Bajo el gobierno de Constantino, la provincia de Judea fue unida a Arabia. Ustedes saben que la religión mahometana considera a Jerusalén como uno de los tres lugares santos de los árabes, no mientras era territorio judío sino cientos de años después, cuando era provincia del Imperio de Bizancio, allá por los años 634, 636 de la era cristiana, y desde entonces fue territorio árabe, hasta que en mayo de 1948 se estableció allí el Estado de Israel. Pero como dijimos al comenzar esta charla, ese Estado es el producto del sistema capitalista tal como éste vino a desarrollarse en el siglo XIX. Ya estuvimos hablando de que desde 1838 Inglaterra estableció en Jerusalén un Consulado que tenía la misión de ofrecer protección a los judíos que hubiera en la ciudad, y nos referimos a los planes ingleses, expuestos en el 1840, de formar en Palestina un Estado que fuera una cuña colocada entre los árabes de África y los árabes de Asia. Y ahora debemos decir que en el año 1839 el judío inglés Mosés Montifiori, que seguramente debió ser hijo de algún judío italiano porque su apellido quiere decir los montes de las flores, y que tenía el título de Sir, un título de nobleza de Inglaterra, propuso un plan de colonización judía en Palestina, y fue a base de ese plan de Sir Mosés Montifiori que se hizo en 18561a primera plantación de naranjos en la región. En el 1870, Charles Netter fundó una escuela agrícola en la colonia de judíos llamada Mileve Israel. y el Barón Edmond de Rothschild, de la familia de los grandes banqueros judíos que estaban establecidos en Inglaterra y en Francia, compró tierras y organizó en el sur de Palestina una siembra de viñedos. (El viñedo es la planta de la cual sale la uva, y con la uva se hace el vino. Fíjense que la palabra viñedo y la palabra vino se parecen mucho). Toda esa actividad, organizada por grandes figuras del judaísmo inglés del siglo pasado respondía a un plan de expansión del capitalismo industrial inglés, que era entonces el que se hallaba a la cabeza del desarrollo industrial del sistema capitalista.

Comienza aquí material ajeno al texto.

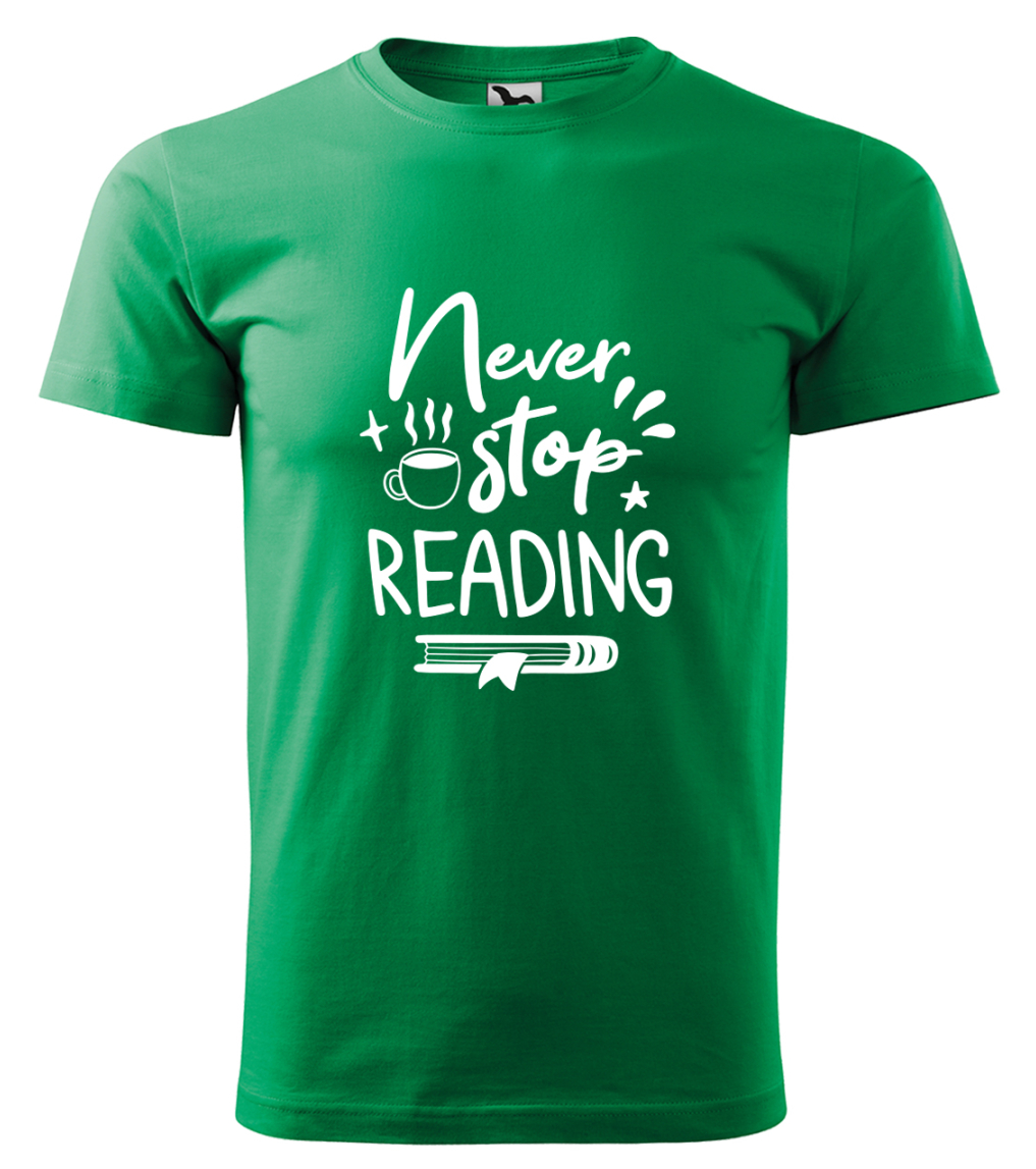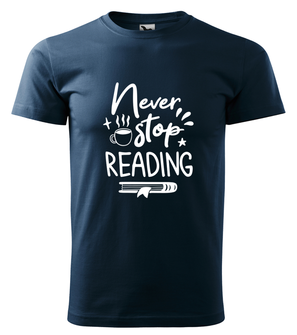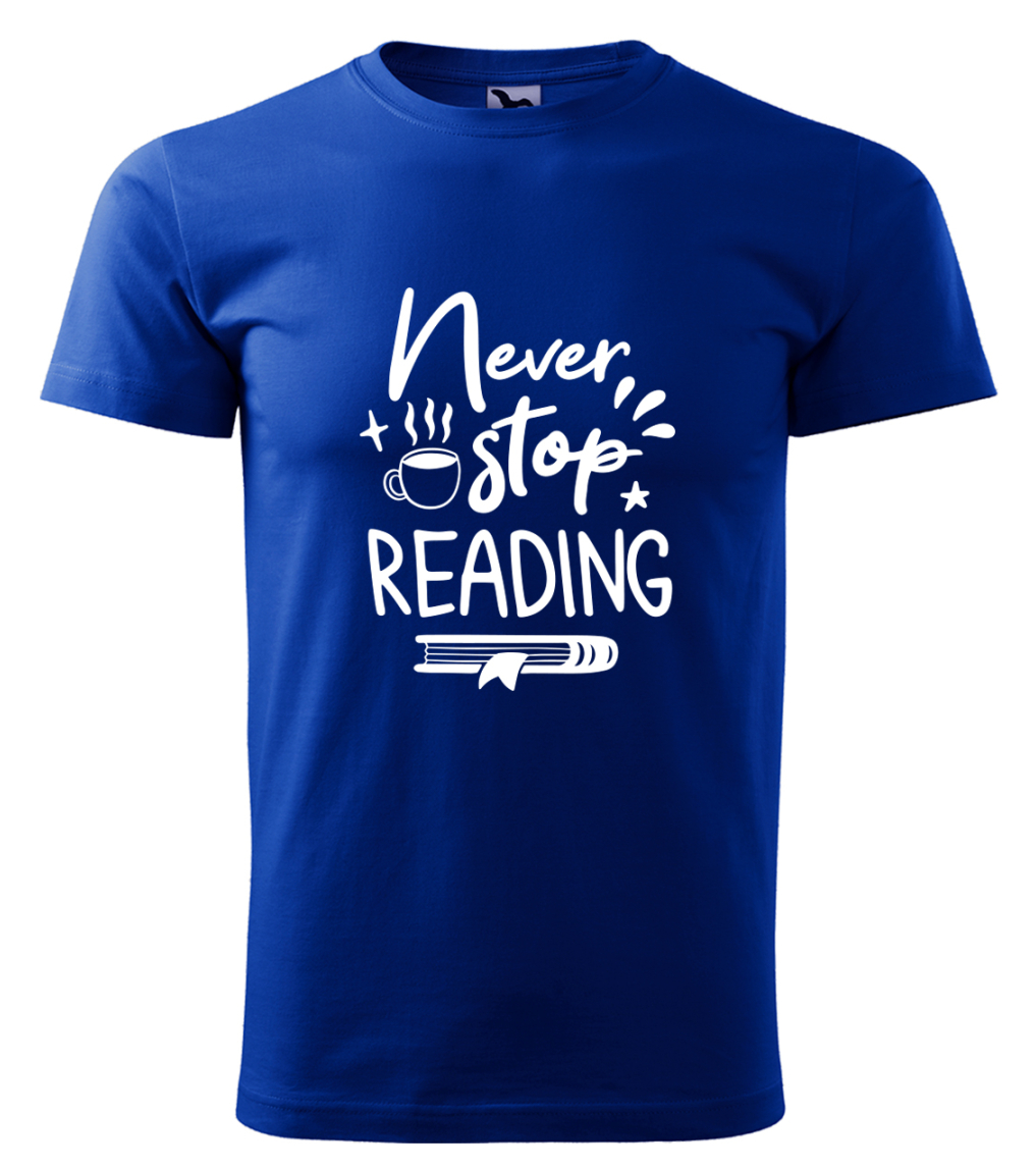 Dětské tričko s knihou a motivem "Never stop reading" potřebuje v šatníku každý malý vášnivý čtenář a knihomol. Čtení je totiž ta nejlepší závislost. Pokud i vaše děti patří mezi knižní závisláky, pořiďte jim toto stylové tričko, které je vyrobené z kvalitní 100% bavlny vyšší gramáže. Jen u nás si můžete vybrat z mnoha barevných variant pro kluky i holčičky a z velikostí od 4 až do 12ti let. Tričko s knihou má kvalitní potisk, nepoužíváme žádné laciné nažehlovací samolepky, ale opravdový potisk, který je přímo na textilu. Skvělý tip na dárek pro malé milovníky knih. Máte doma děti, které čtou jednu za druhou? Garantujeme vám, že toto tričko se stane jejich novým nejoblíbenějším kouskem oblečení. Čtení obohacuje mysl i duši a proto.. nikdy nepřestávejte číst..

N o es cierto, como dice Michel Bar- Zohar en su libro Israel: el nacimiento de una Nación, que el sionismo nació el 19 de diciembre de 1894 en el tribunal militar de París mientras era juzgado el capitán Alfred Dreyfus, judío francés acusado por su jefe inmediato de haber vendido a los alemanes secretos militares. Dreyfus fue condenado a cadena perpetua en La Cayena. La Cayena queda en la Guayana Francesa, y ese lugar era conocido en el mundo entero como el presidio más espantoso de la Tierra. Michel Bar-Zohar cuenta lo siguiente:

Entre los periodistas (que se hallaban presenciando aquel juicio), un hombre es presa de una emoción intensa. Es vienés, escritor y publicista enviado especial en París del Neue Freie Presse (que era un periódico de Austria). Es un judío austriaco, el doctor Theodoro Herzl. Republicano, francófilo ferviente (es decir, que admiraba mucho a Francia), siente que todo un mundo se derrumba en el proceso Dreyfus. Bruscamente descubre la verdad: los judíos no tendrán jamás paz, seguridad ni respeto mientras estén dispersos entre las otras naciones. Su única salvación es encontrar una patria, un hogar para ellos. Ese hogar existe desde siempre: es Palestina. Herzl decide escribir un libro, El Estado Judío, en el que expone su idea, la creación de un Estado hebreo. Al año siguiente el libro es publicado en varias lenguas y suscita una emoción indescriptible en los medios judíos.

Hasta aquí llega el autor de la biografía de Ben Gurión, que tiene ese título de Israel: el nacimiento de una Nación.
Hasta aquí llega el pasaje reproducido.